Der Chef des Stuttgarter Autobauers hält die Deutschen für nicht fleißig genug. Er warnt vor einem wirtschaftlichen Niedergang des Landes – und indirekt vor einer Machtübernahme der AfD. „Deutschland entwickelt sich wirtschaftlich seit etwa zehn bis 15 Jahren in eine falsche Richtung“, sagte Källenius. „Und wenn wir das nicht drehen, dann kommen die Populisten von rechts, die für nichts eine Lösung haben. Das treibt mich um, denn ich lebe und kämpfe für dieses Land.“ Einen Grund für die Probleme sieht Källenius in der mangelnden Leistungsbereitschaft der Deutschen. Es sei, „als ob man vor einer Fußball-WM sagt, wir trainieren genug, obwohl alle anderen doppelt so viel trainieren“. Jeder wisse, dass man so nicht Weltmeister werde.

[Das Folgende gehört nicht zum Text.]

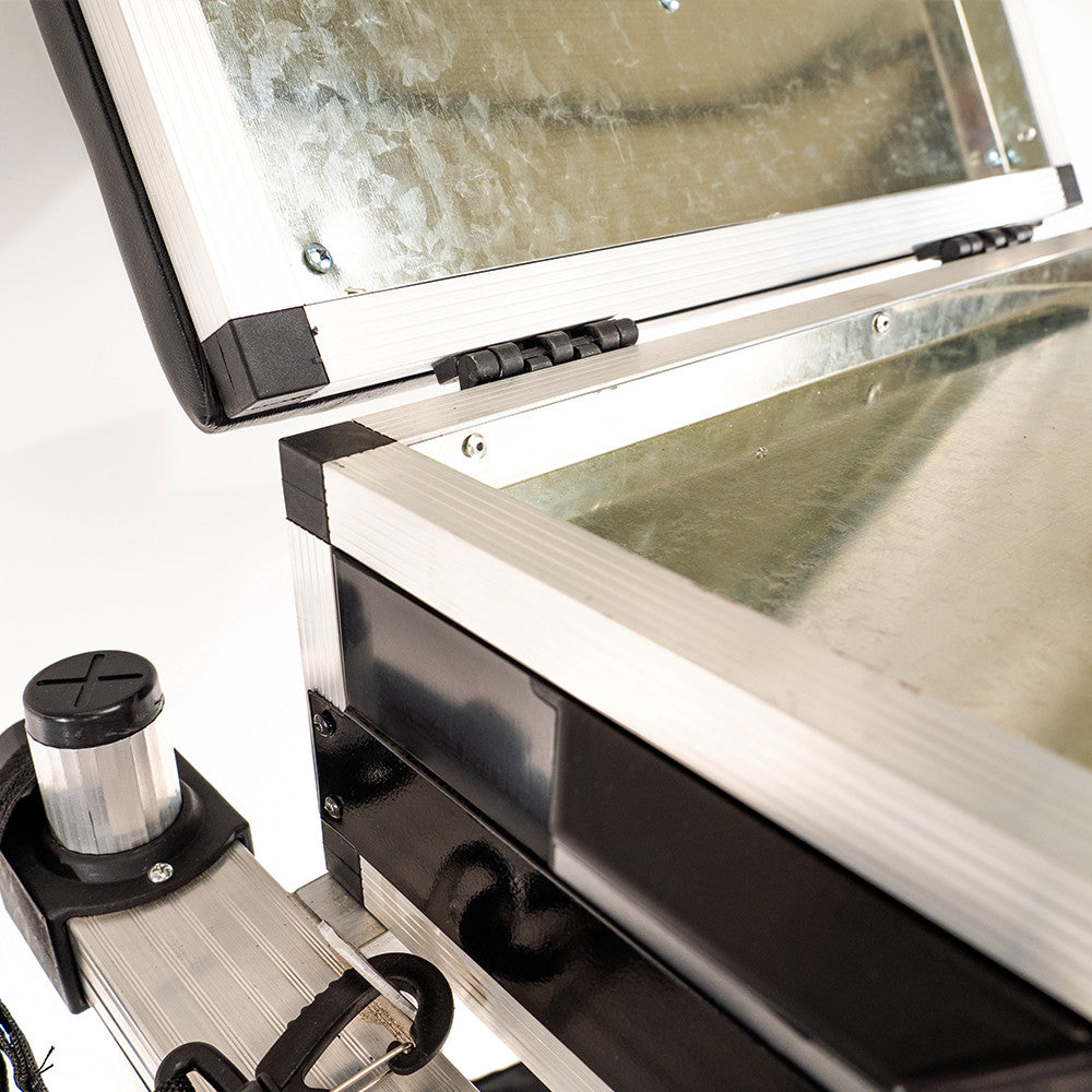 - Masszív alumínium keret: Az 53 cm x 46 cm méretű alumínium váz rendkívül erős és tartós, biztosítva a láda hosszú élettartamát.

Mercedes-Chef Källenius: „Unser aller Ziel ist die Klimaneutralität“

Beim Thema Antrieb muss Mercedes wie die anderen Hersteller mehrgleisig in die Zukunft fahren. Verbrenner sind nach wie vor gefragt, dazu Plug-in-Hybride und reine E-Autos. Die Transformation bleibe schwierig, so Källenius. „Wohl keine andere Branche hat so viel in die Dekarbonisierung investiert wie wir“, sagte er dem „Spiegel“. Und wir tun es weiterhin, auch wenn die Nachfrage nach Elektroautos längst nicht so weit ist, wie Politik und Unternehmen einmal gedacht haben. Unser aller Ziel ist die Klimaneutralität.“

Mercedes: Hoher Auftragseingang für vollelektrische Modelle

Intern mahnt Mercedes-Chef Ola Källenius immer wieder, dass in diesem Jahr die Wende kommen müsse, berichten Manager des Unternehmens. Nach außen gibt sich der Schwede optimistisch. „2025 markierte den Startschuss der größten Produkt- und Technologieoffensive bei Mercedes-Benz mit neuesten elektrischen Antriebssystemen und intelligenter Software“, so Källenius. Die Kundenaufträge für den im vergangenen Jahr vorgestellten neuen elektrischen CLA und GLC lägen deutlich über den Erwartungen, heißt es aus Stuttgart.

2026 setzt Mercedes die Modelloffensive fort. Das mit Abstand wichtigste Modell ist die elektrische C-Klasse. Auch die sportliche Tochter AMG hat zwei Stromer in Planung, eine Limousine und ein SUV. Mit Aussagen zur Technik hält man sich seitens das Autobauers noch bedeckt. Allerdings sickern aus Unternehmenskreisen erste Informationen durch. Technisch fahren die Autos Insidern zufolge mit neuen Batterien und Schnellladetechnik mit deutlich über 300 Kilowatt vor. Dem Vernehmen nach sollen 350 Kilometer Reichweite in nur 15 Minuten nachgeladen werden können.